Origem dos Conflitos
Inicialmente para que possa existir uma negociação
consequentemente haverá uma relação de conflito, pois nas maiorias das
negociações acontecem para trazer a solução de certos conflitos. Considera-se
então que se não houvesse nenhum tipo de conflito consequentemente não haveria
negociação.
Mas, uma forte característica da origem dos
conflitos é a existência de grupos ou mesmo de partes oponentes. Observe:
“... as organizações constituem-se em
verdadeiras arenas para
conflitos individuais ou grupais, nos
quais os participantes
lutam por recursos limitados,
possibilidades de progresso
na carreira, privilégios e outras
recompensas que possam
ser proporcionadas pela empresa. Os
conflitos entre
grupos são muito comuns, tanto dentro
quanto fora das
organizações.

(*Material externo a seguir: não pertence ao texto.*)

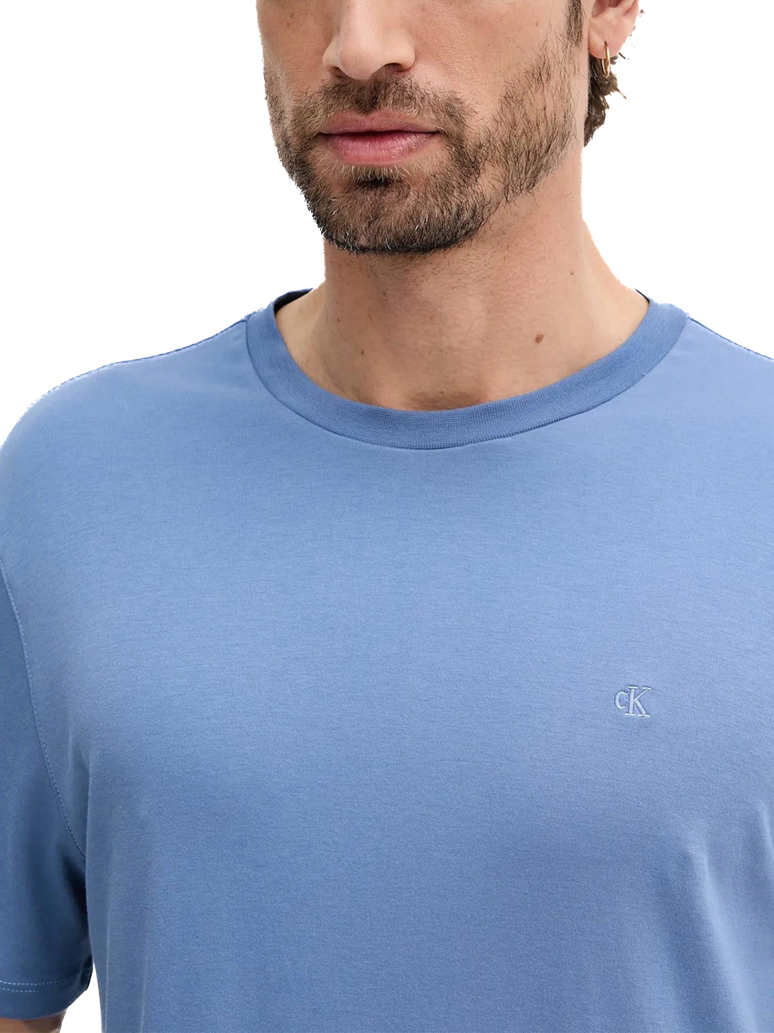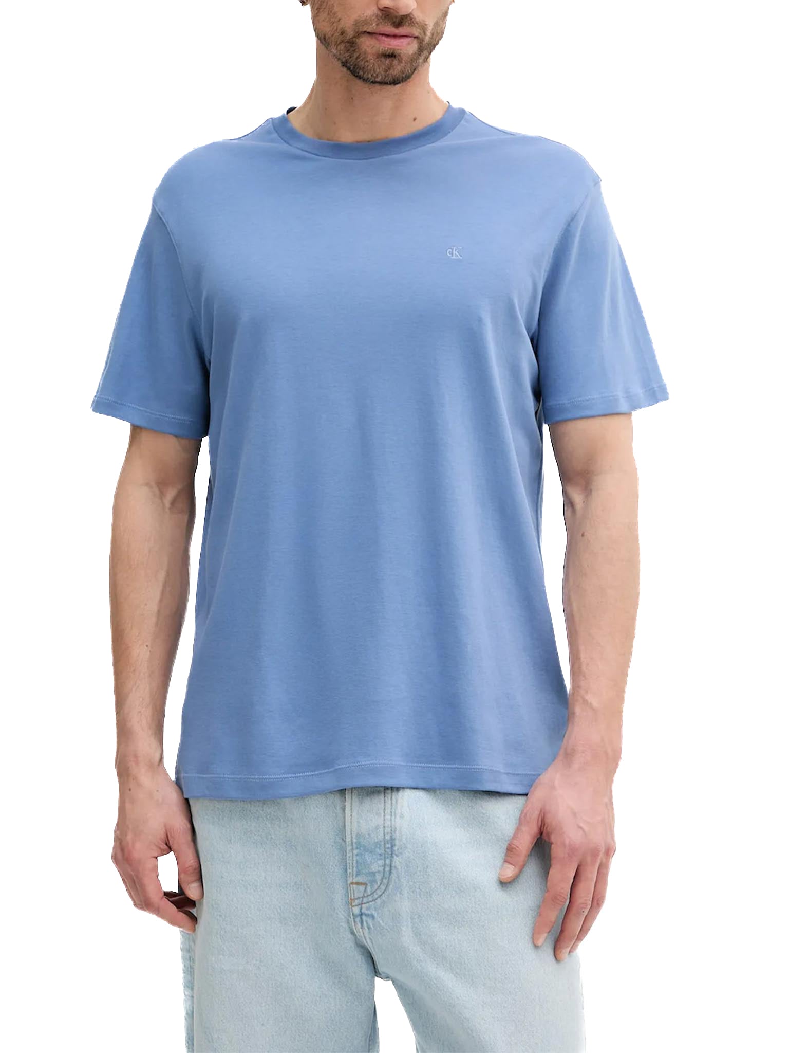 T-shirt Calvin Klein logo chest embro in cotone azzurro
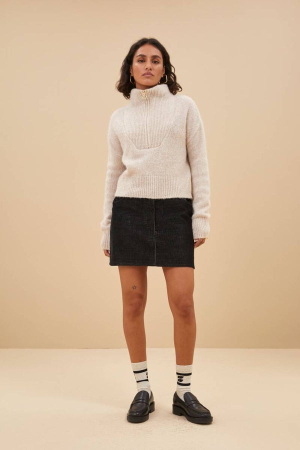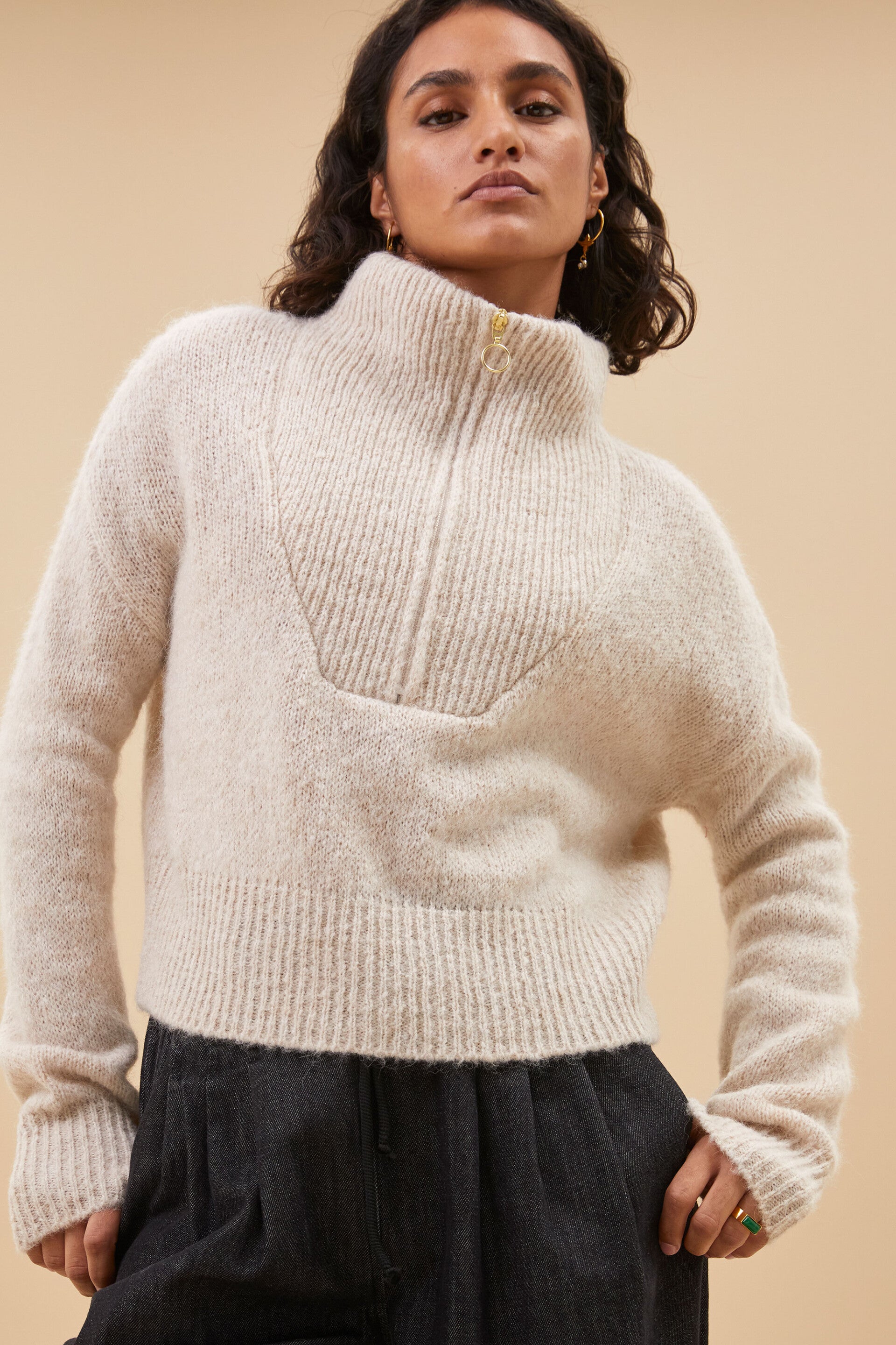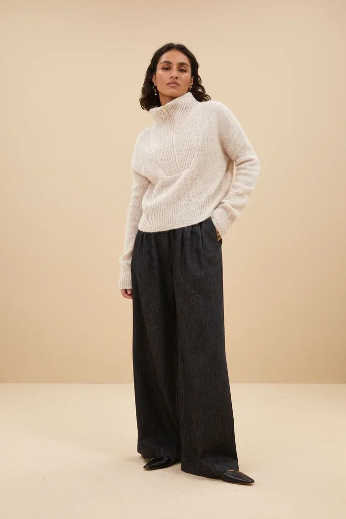 chique kalkkleurige trui met rits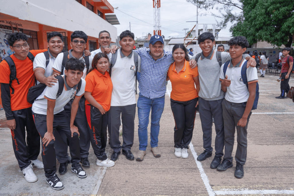 Acompañado de la síndica Blanca Margarita Juárez Martínez, los regidores, Rogelio León Morales, María de los Ángeles Pérez Dávila, José Mario Silva Aulis, Miriam del Rosario Márquez Escobar y Norman Arturo Lagunes Chiñas, el alcalde reiteró que como administración municipal priorizan los apoyos para las instituciones educativas y llamó a los alumnos a aprovechar el esfuerzo que hacen sus padres para que ellos continúen sus estudios.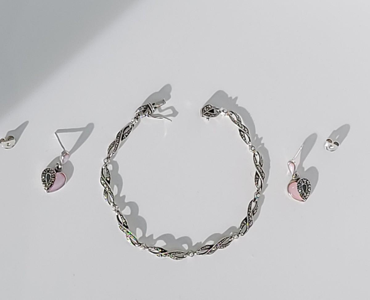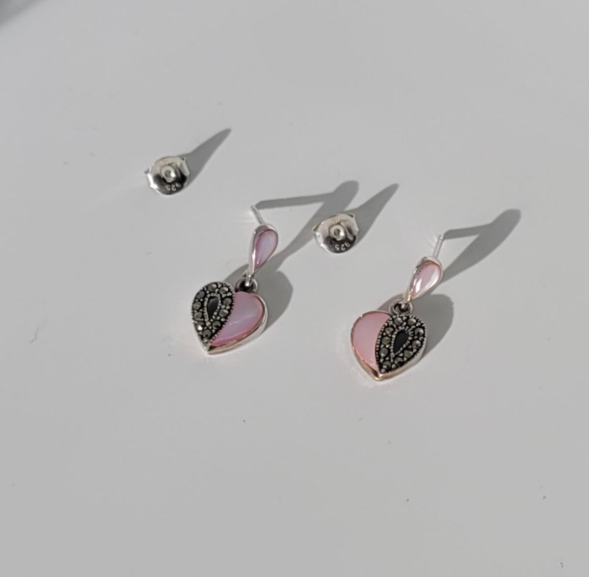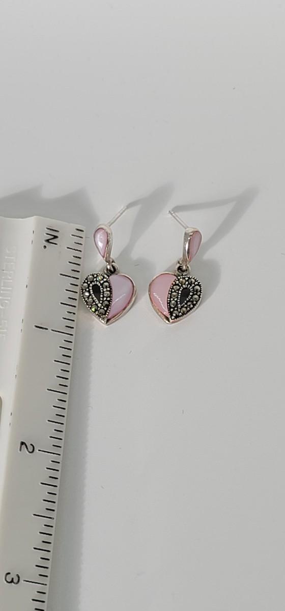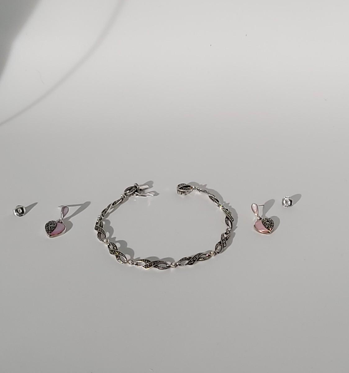 Heart shaped pink and marcasite pierced earrings along with a Sterling & Marcasite bracelet with seed pearls. Preowned - Great condition.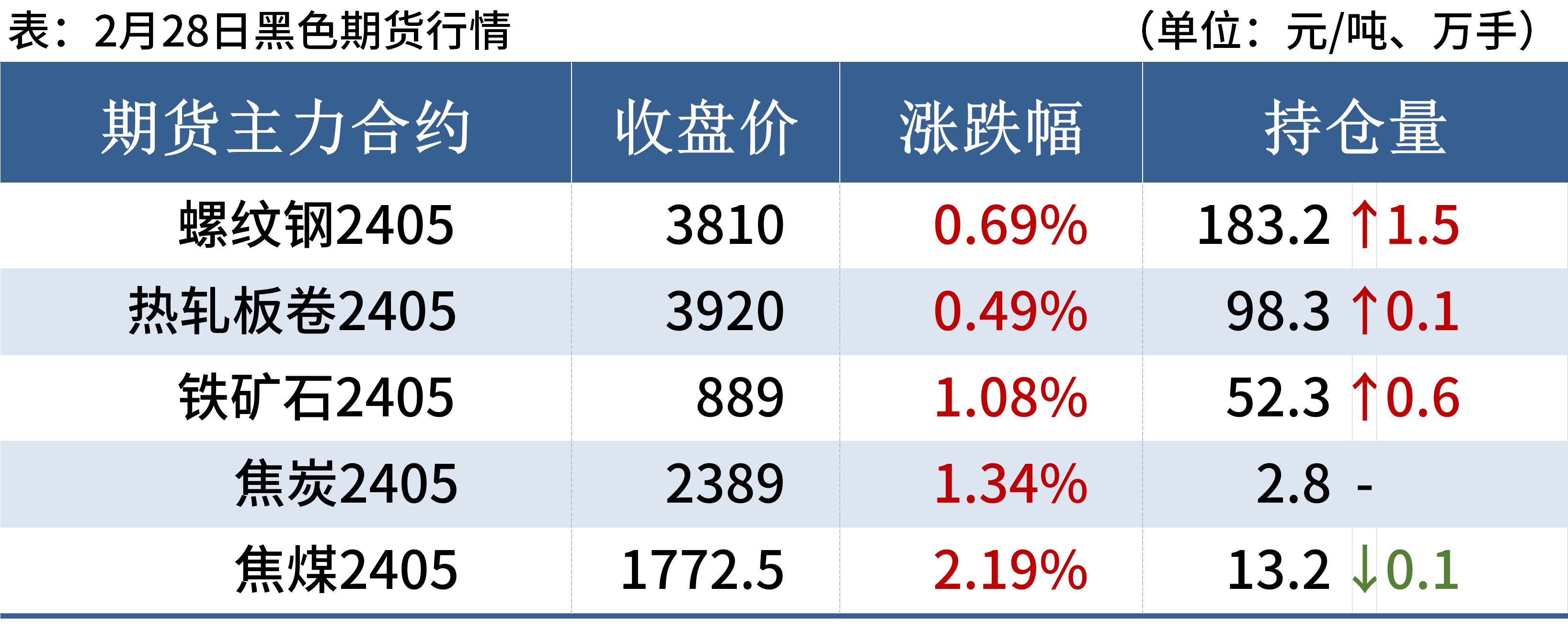 焦炭:2月28日,焦炭市场价格弱稳运行。供应方面,连续4轮的降价让整个焦化行业陷入深度亏损,产地焦企开工难以为继,限产范围进一步扩大,多保持30%-50%限产幅度,个别企业已有焖炉计划,且现阶段焦企出货压力虽小幅缓解但整体压力依旧较大;需求方面,宏观利好政策带动下,钢价筑底反弹,成交随之好转,钢厂利润修复明显,部分低库存钢厂已经开始逐步补库,预计短期内焦炭市场弱稳运行。

Segundo Hampton, (1991,p.297)
o conflito
pode surgir da experiência de frustração
de uma ou ambas
as partes, de sua incapacidade de
atingir uma ou mais
metas. A seguir, a parte frustrada
interpreta a situação
projetando suas consequências, passando
a comportar-se
à luz da situação imaginada. A outra
parte envolvida
reage a este comportamento, com base em
suas próprias
percepções e conceituações da situação,
que podem ser bem
diferentes daquelas imaginadas pela
outra parte. Tem-se
então, os resultados do conflito, que
podem ser de natureza
completamente diversa para cada um dos
negociadores,
ou seja, um ciclo de frustrações ocorre
em virtude da
má interpretação ou incompreensão dos
interesses ou
necessidades das partes, fazendo com que
cada um interprete
a situação a se modo.”
(Martinelli e Almeida, p.47)
Assim,
as causas das origens dos conflitos podem ser:
·
Competição por recursos limitados;
·
Choque de valores e culturas diferentes;
·
Definir responsabilidades indesejáveis a quem
irá executá-las;
·
Mudanças que geram medo e desconfiança.
Quais as partes de um conflito
Para que se possa planejar uma negociação eficiente
o individuo terá que ter a consciência de que haverá certos conflitos na hora
da mesma por este motivo há necessidade de identifica-los.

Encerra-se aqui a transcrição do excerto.